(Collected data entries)
● ● ●

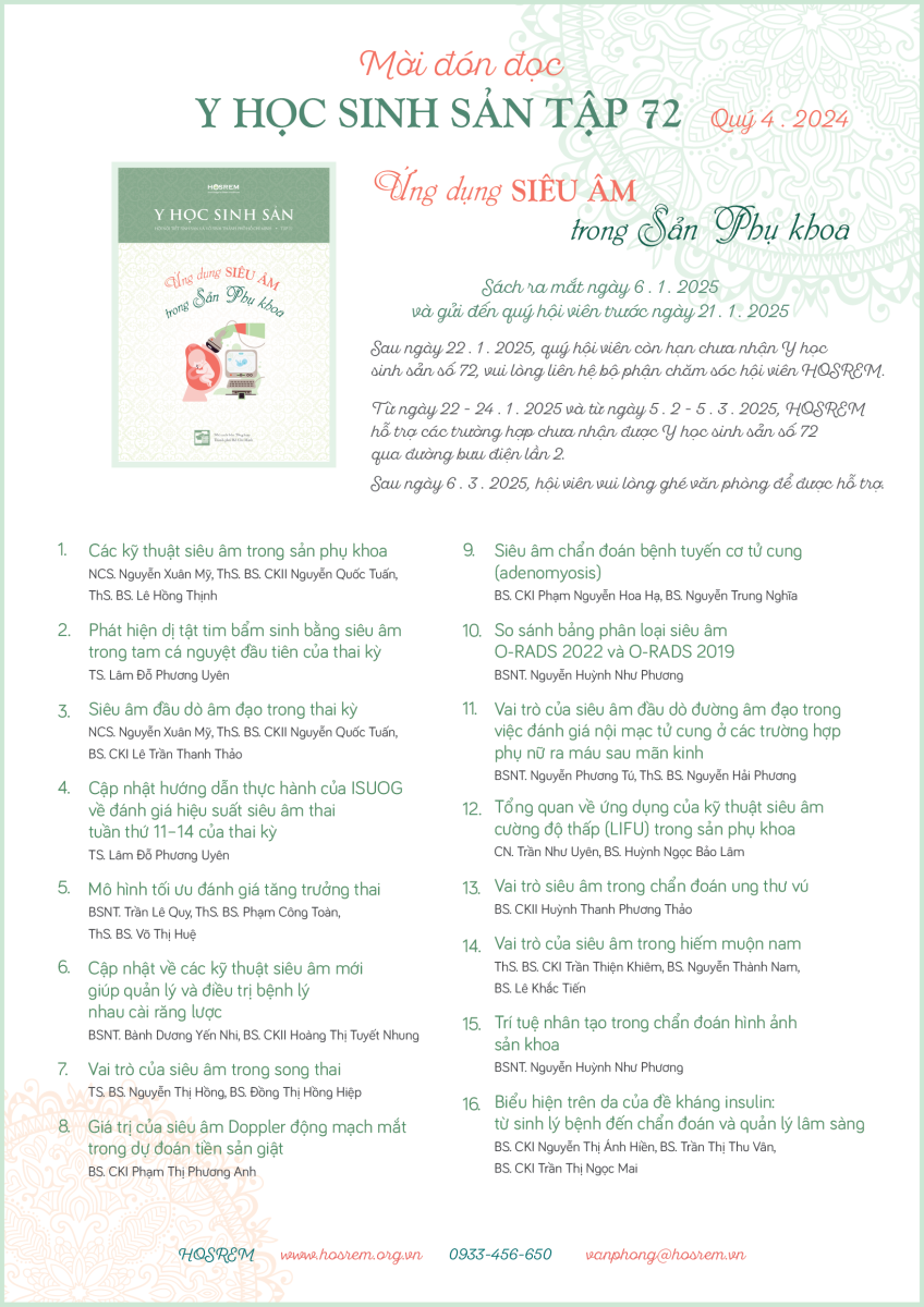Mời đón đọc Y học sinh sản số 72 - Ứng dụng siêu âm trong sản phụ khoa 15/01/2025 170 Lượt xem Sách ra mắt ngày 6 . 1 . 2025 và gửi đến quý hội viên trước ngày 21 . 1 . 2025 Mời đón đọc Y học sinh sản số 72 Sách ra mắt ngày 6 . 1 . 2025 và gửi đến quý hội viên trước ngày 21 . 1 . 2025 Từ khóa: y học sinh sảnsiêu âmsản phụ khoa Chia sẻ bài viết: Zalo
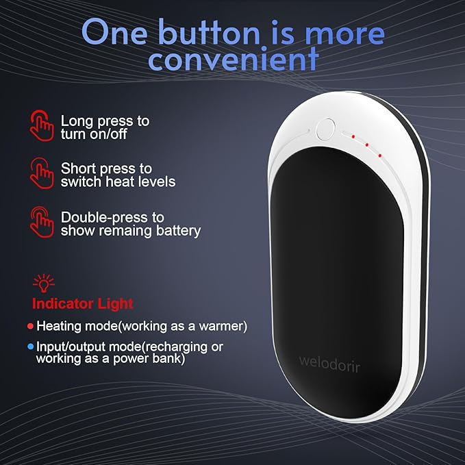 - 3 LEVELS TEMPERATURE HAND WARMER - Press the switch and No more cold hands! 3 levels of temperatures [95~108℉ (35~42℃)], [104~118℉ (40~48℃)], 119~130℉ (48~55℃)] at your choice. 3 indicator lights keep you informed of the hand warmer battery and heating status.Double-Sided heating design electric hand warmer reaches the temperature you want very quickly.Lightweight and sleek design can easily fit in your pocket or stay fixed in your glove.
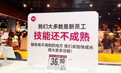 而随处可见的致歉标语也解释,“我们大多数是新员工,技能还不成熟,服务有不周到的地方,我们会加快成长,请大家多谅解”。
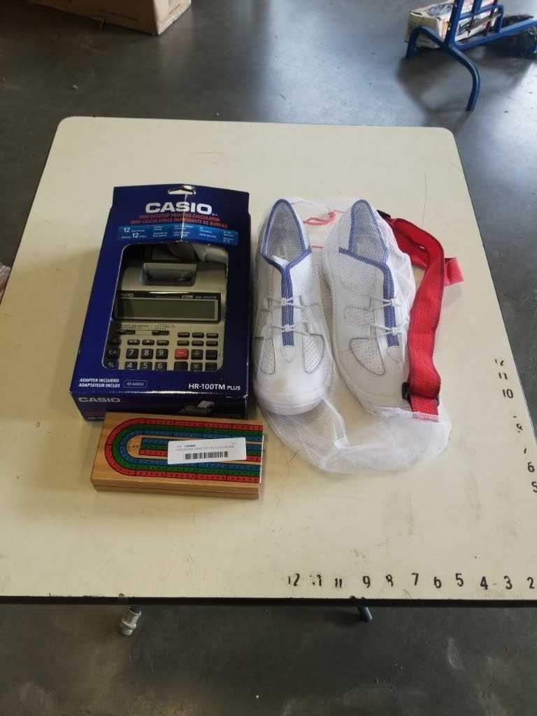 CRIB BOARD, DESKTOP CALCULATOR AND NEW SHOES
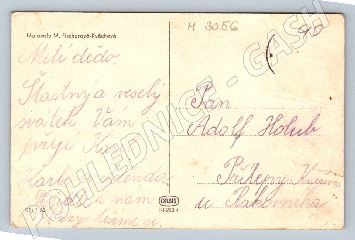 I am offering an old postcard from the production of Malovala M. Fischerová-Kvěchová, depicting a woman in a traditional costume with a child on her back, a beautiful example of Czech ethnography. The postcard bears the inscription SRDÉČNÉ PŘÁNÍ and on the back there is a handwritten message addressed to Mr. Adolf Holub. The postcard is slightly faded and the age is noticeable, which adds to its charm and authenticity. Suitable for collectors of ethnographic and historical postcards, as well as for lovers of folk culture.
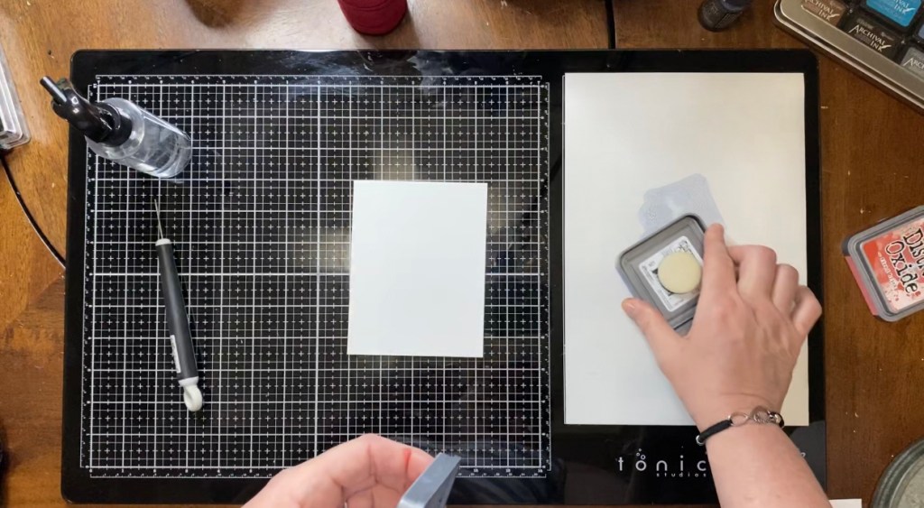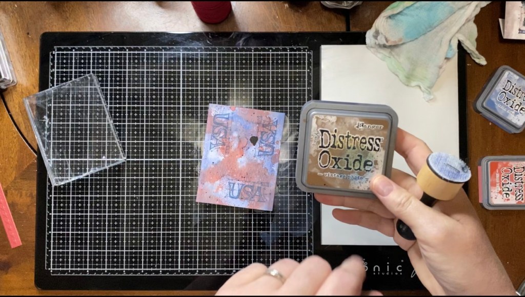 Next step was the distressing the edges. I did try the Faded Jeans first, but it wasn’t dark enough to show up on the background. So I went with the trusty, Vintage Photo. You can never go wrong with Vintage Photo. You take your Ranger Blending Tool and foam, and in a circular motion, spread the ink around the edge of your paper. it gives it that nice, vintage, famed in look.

● ● ●

Set down the lines of the records above exactly, apart from the pictures.

Mời đón đọc Y học sinh sản số 72 - Ứng dụng siêu âm trong sản phụ khoa 15/01/2025 170 Lượt xem Sách ra mắt ngày 6 . 1 . 2025 và gửi đến quý hội viên trước ngày 21 . 1 . 2025 Mời đón đọc Y học sinh sản số 72 Sách ra mắt ngày 6 . 1 . 2025 và gửi đến quý hội viên trước ngày 21 . 1 . 2025 Từ khóa: y học sinh sảnsiêu âmsản phụ khoa Chia sẻ bài viết: Zalo
 - 3 LEVELS TEMPERATURE HAND WARMER - Press the switch and No more cold hands! 3 levels of temperatures [95~108℉ (35~42℃)], [104~118℉ (40~48℃)], 119~130℉ (48~55℃)] at your choice. 3 indicator lights keep you informed of the hand warmer battery and heating status.Double-Sided heating design electric hand warmer reaches the temperature you want very quickly.Lightweight and sleek design can easily fit in your pocket or stay fixed in your glove.
 而随处可见的致歉标语也解释,“我们大多数是新员工,技能还不成熟,服务有不周到的地方,我们会加快成长,请大家多谅解”。
 CRIB BOARD, DESKTOP CALCULATOR AND NEW SHOES
 I am offering an old postcard from the production of Malovala M. Fischerová-Kvěchová, depicting a woman in a traditional costume with a child on her back, a beautiful example of Czech ethnography. The postcard bears the inscription SRDÉČNÉ PŘÁNÍ and on the back there is a handwritten message addressed to Mr. Adolf Holub. The postcard is slightly faded and the age is noticeable, which adds to its charm and authenticity. Suitable for collectors of ethnographic and historical postcards, as well as for lovers of folk culture.
 Next step was the distressing the edges. I did try the Faded Jeans first, but it wasn’t dark enough to show up on the background. So I went with the trusty, Vintage Photo. You can never go wrong with Vintage Photo. You take your Ranger Blending Tool and foam, and in a circular motion, spread the ink around the edge of your paper. it gives it that nice, vintage, famed in look.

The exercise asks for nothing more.